ATA/66 Onboard
ATA/66 support on a motherboard is something that I have
been wanting since the beginning of the year. Intel's upcoming Camino chipset
will support that, but you are going to need to wait until the winter for it's
release. Your only other option was the addition of a Promise or another PCI
card adding support for ATA/66.
Abit on the other hand has found a way to add ATA/66
support to their motherboards, thanks to the HPT-366 Ultra DME Controller chip
from HighPoint Technologies. This chip brings ATA/66 support to the motherboard
without having to wait for Intel's Camino chipset or having to use a PCI
adapter.
Normal ATA/33 support is also on the board, bringing
support for up to 8 IDE devices on your system at once! Now you can have a
multitude of IDE devices with 4 or 5 hard drives, DVD Drive, CD-ROM and backup.

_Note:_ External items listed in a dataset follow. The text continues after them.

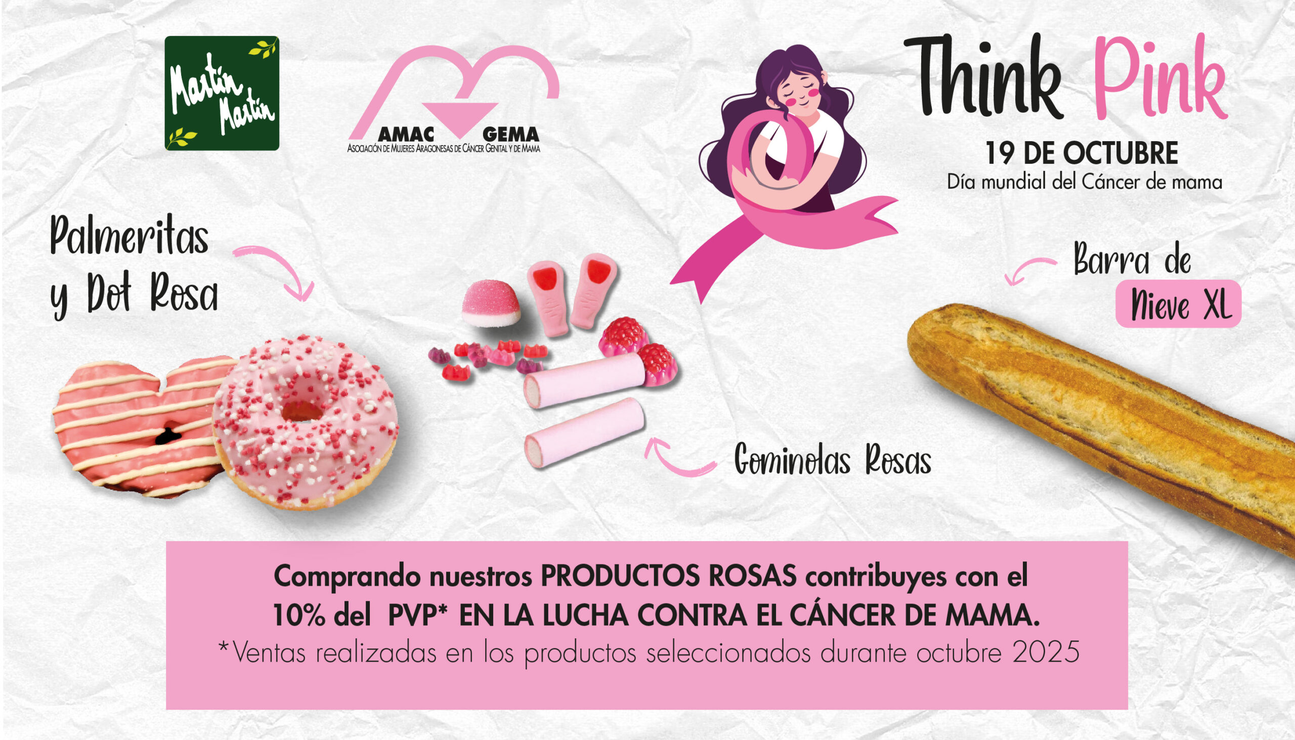 Con motivo del Día Mundial Contra el Cancer de Mama, volvemos un año más con la campaña “Think Pink” (piensa en rosa) con la que colaboramos con AMAC GEMMA (Asociación Aragonesa de Cáncer Genital y de Mama). A través de esta campaña llevamos donados más de 35.000€ para el apoyo a mujeres que sufren esta enfermedad.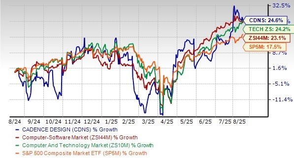 Cadence Design Systems CDNS stock has risen 24.6% over the past year, higher than the gains registered by the Computer-Software industry (up 23.1%), the broader Computer and Technology sector (up 24.2%) and the S&P 500 composite (up 17.5%).
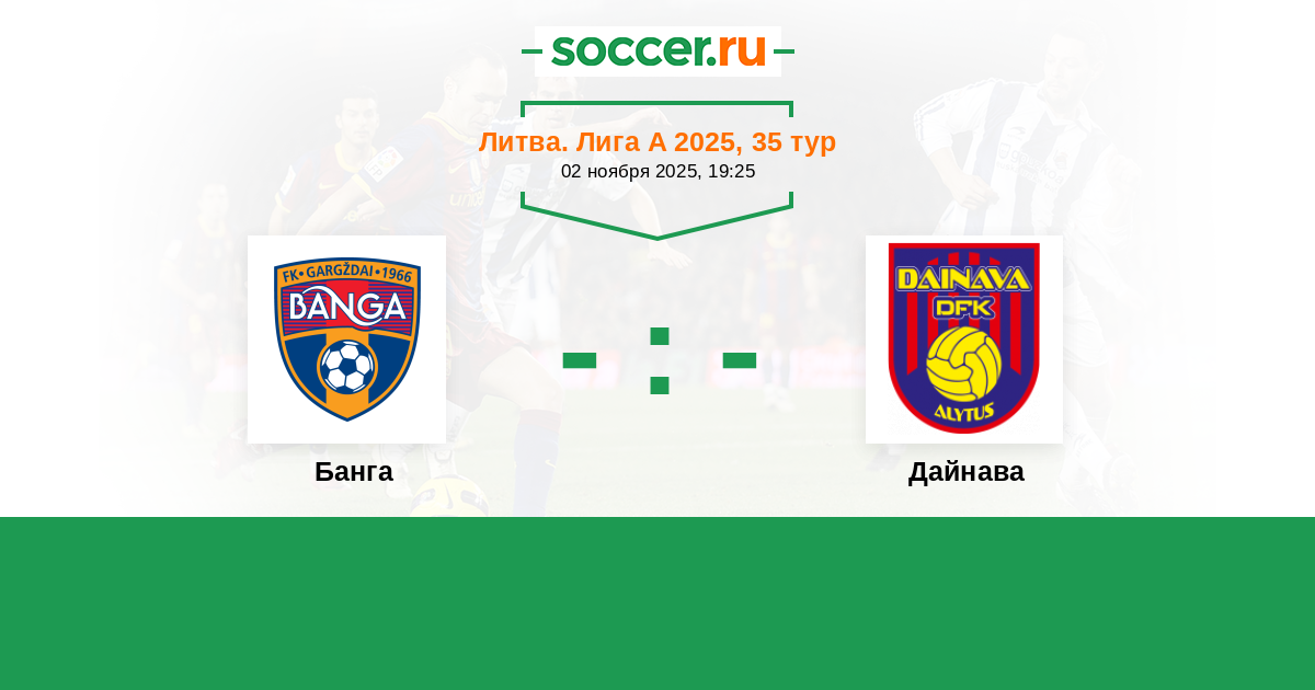 Литва. Лига А 16.09.2023 Банга Логотип футбольный клуб Банга (Гаргждай) 1:0 Логотип футбольный клуб Дайнава (Алитус) Дайнава

Just make sure you get a bigger case with a large power supply, because you are
going to need it. While all this sounds really neat, I don't know if it will
work however. The IRQ assigning must get crazy!
ATA-66 and UDMA66 sound fast, however you are not going to
get a 100% increase like the letter suggest. Instead you are given burst support
of 66MHz, provided the hard drive can send that level of data bandwidth to the
chip. Under testing with the 22GXP from IBM (7200 RPM 22GB drive) I was seeing
only about 15% increase performance on the average.
One advantage that ATA/66 is sure to have for systems
running NT is the fact that you can support for bandwidth when you need to. This
should make the BE6 work great as a server with only IDE hard drives, since a
large quantity of other computers could ask for data.
Performace
In a word, the performance is great. This is one of the
most stable motherboard I've ever used. In fact it may be the most stable
motherboard on the market today.
How does a Celeron 366 running at 605Mhz with default
voltage sound? The Abit BE6 was even able to work with the Celeron running at
616Mhz, not 100% stable but it runs. By comparison, the same Celeron would lock
up as it's about to log onto Windows on the BX6.
Comparing the BE6 to Asus's new P3B shows that the Abit is
more stable. The P3B was also able to run the Celeron 366 at 605Mhz, but it
needed 2.2V to get it stable. The P3B was totally unstable at 616Mhz, crashing
within a few minutes of loading.
Abit did a great job on this motherboard. In the pass when
you think of overclocker's motherboard, you think Abit. When you think of super
stable motherboard, you think Asus. Not anymore.